How I live by the famous "I think I can" motto:
1. I've gone to boot camp three mornings a week for a year. In winter, it's in a church gym; in spring/summer/fall, it's out in Brookdale Park. It kills me. I dread it before I get in the car to go. It's really, really hard. [Have I complained enough yet? I don't think so.] I work out with lovely young women who sprint like the dickens while I drag behind. Sometimes my belly bulges out over my pants. My arms hurt when we do shoulder presses. The push-ups are hard, the ab crunches and pulsing squats are painful. But I have managed to lose 10 pounds over the last year; I am proud. As I learned at Weight Watchers meetings in the past, that is 10 pounds of butter--40 sticks of Land O' Lakes. That's a lotta butta. My skirts fit better and so do my belts.

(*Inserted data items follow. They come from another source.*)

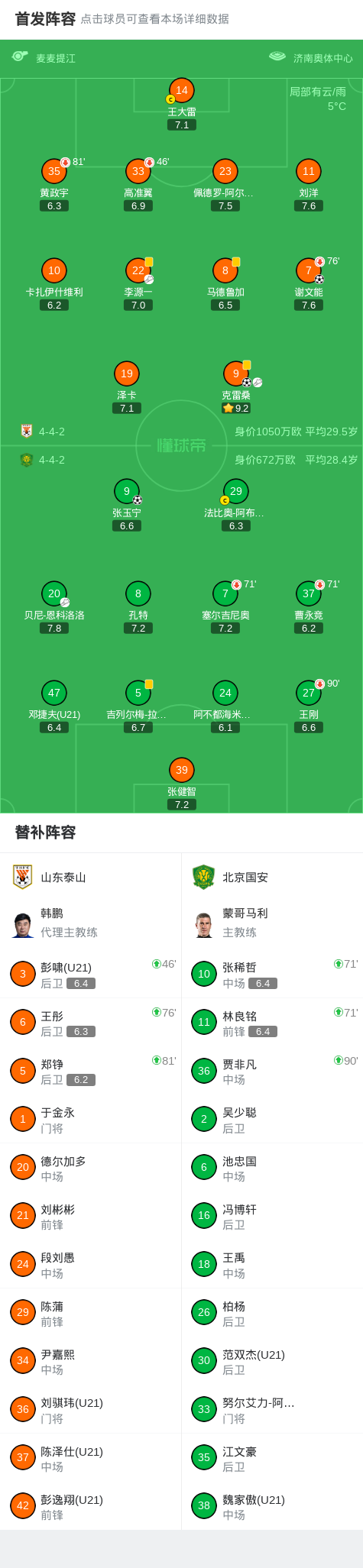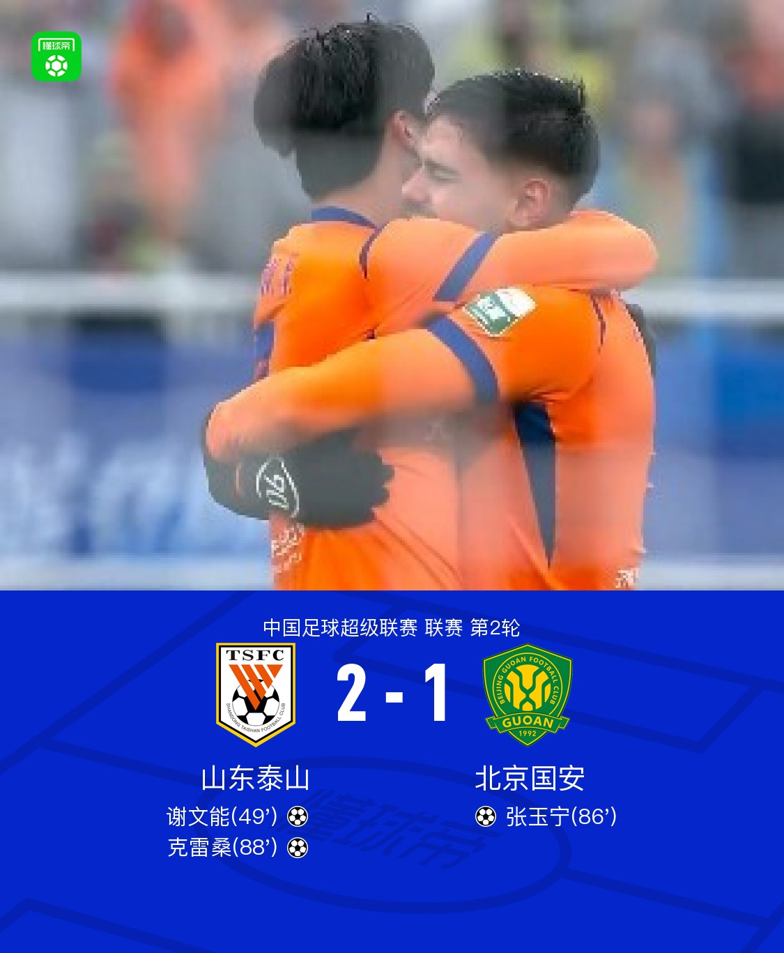 北京时间3月14日中国足球超级联赛 联赛 第2轮,山东泰山主场对阵北京国安。山东泰山谢文能破门,克雷桑破门。北京国安张玉宁破门。最终比分山东泰山 2–1 北京国安。
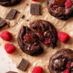 These decadent Chocolate Raspberry Cookies combine the rich, nutty flavor of browned butter with dark and milk chocolate chunks and fresh raspberries for a fudgy, brownie-like texture. Perfectly crisp on the edges with a soft, chewy middle, these cookies offer a sophisticated twist on a classic treat with their luscious tart berry bursts and a sprinkle of flaky salt on top.
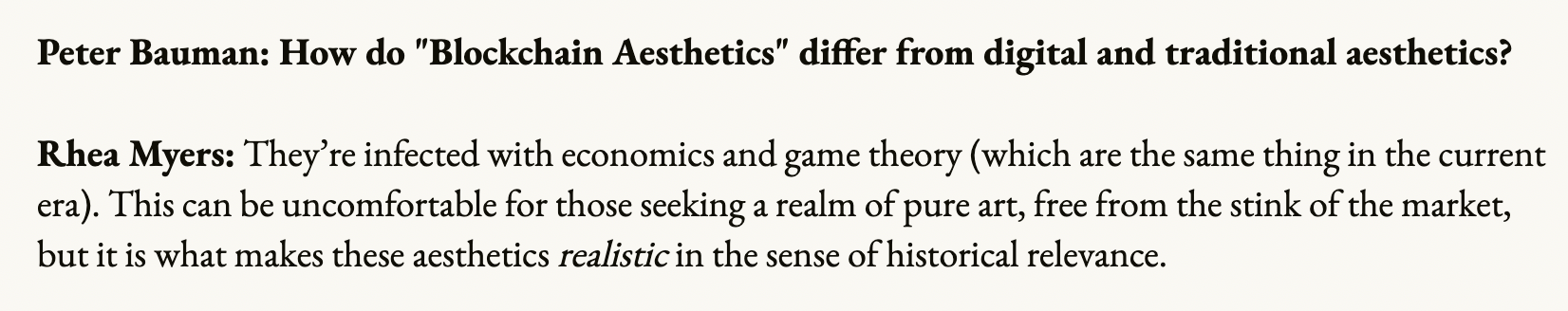 Rhea Myers' work lies at the intersection of culture and technology. She has found an interest in the blockchain as a cultural medium very early on:
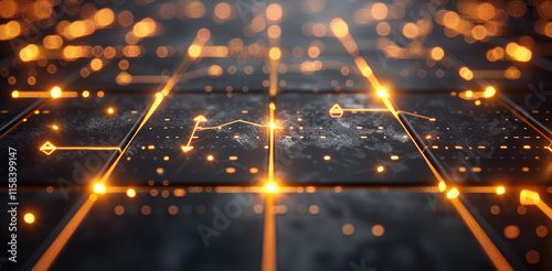 Canvas Prints futuristic chart grid with glowing golden arrow details on a shadowy black surface. - Canvas Prints Canvas Prints futuristic chart grid with glowing golden arrow details on a shadowy black surface. - Canvas Prints
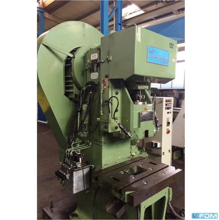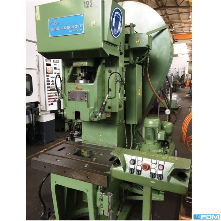 A single-column eccentric press Edelhoff including transfer unit is available. Press force: 130t, stroke adjustment: 30mm-130mm, ram adjustment: 75mm, stroke rate: 45/min, table dimensions X/Y: 1000mm/700mm, weight: approx. 5000kg. An on-site inspection is possible.

2. I walk the dog. Again, I sometimes don't want to. I get tired or lazy, or like I just want to curl up and read rather than scale a hill with a tiny pal. But it's good for Sug and it's good for me, so together we face the inclines and the ice patches. For her, a garbage pan in our path or a tree swaying at night is a very scary thing, and she'll start barking from deep in her gut, or trembling. As though anything or anyone would be afraid of a 10-pound fluffball. Still, at least I know I am braver than someone or something.
3. I write in this blog, and bare my soul. Every day so far. I write and I love it and it makes me feel competent and smart and like I am polishing and using my craft. I admire honest writing, writing that transports you to where the person is, and I try to write that way. I also write for magazines, and for websites, and again love the art of crafting a turn of the sentence, of finding the perfect quote from a source--a quote that will capture a bit of who the person is and what he or she stands for.
4. I show up. I remember a quote that said, "Friends need your presence more than your presents." I show up for my Dad, for unexpected doctor visits, toilet paper deliveries and ointment application [don't ask] when I would rather do my work or organize my life. I show up for Punch and her Mom, because I love them and want them to be happy. I show up with birthday cakes that take me all day or all night to make [most recently from Baked, that great cookbook from the bakery in Red Hook, Brooklyn, that I am dying to visit]. I show up for Figgy and her friends, driving them all over and getting them the Jax and Fudgsicles they want and the carrots, cucumbers, peppers and apples I want them to have. I show up for my friends and my sister, but not as often, I fear, as they have shown up for me, in very small and very big ways. But I think I can--I think I can--I think I can--make a difference and continue to be a source of joy and assurance in their lives. I show up for H., again and again, with both of us working hard on our marriage.
5. I've made some food changes that have taken a long time but I hope will be with me for a long time. I no longer buy junk food like Oreos or even Cheez-Its because while I think I am buying them for myself and the other members of my household, it is I who will be unable to control myself, not them. They will be lucky if they get one little perfectly square, salty, Cheddary Cheez-It. I no longer get sugary drinks at Starbucks, or ones with thick caps of cream, except as an occasional treat. I now order iced coffee, and I look forward to it. I stare at the treats in the bakery case at SB and think they don't look so great anymore. I buy whole-grain bread, not white, and whenever possible, whole-wheat pasta too.
I think I can--I think I can--I think I can continue to change my life for the better and to celebrate what is already good about it.
Again, what does that happy little train have that I haven't got? We both have miles to go, a great distance to cover and very important deliveries to make.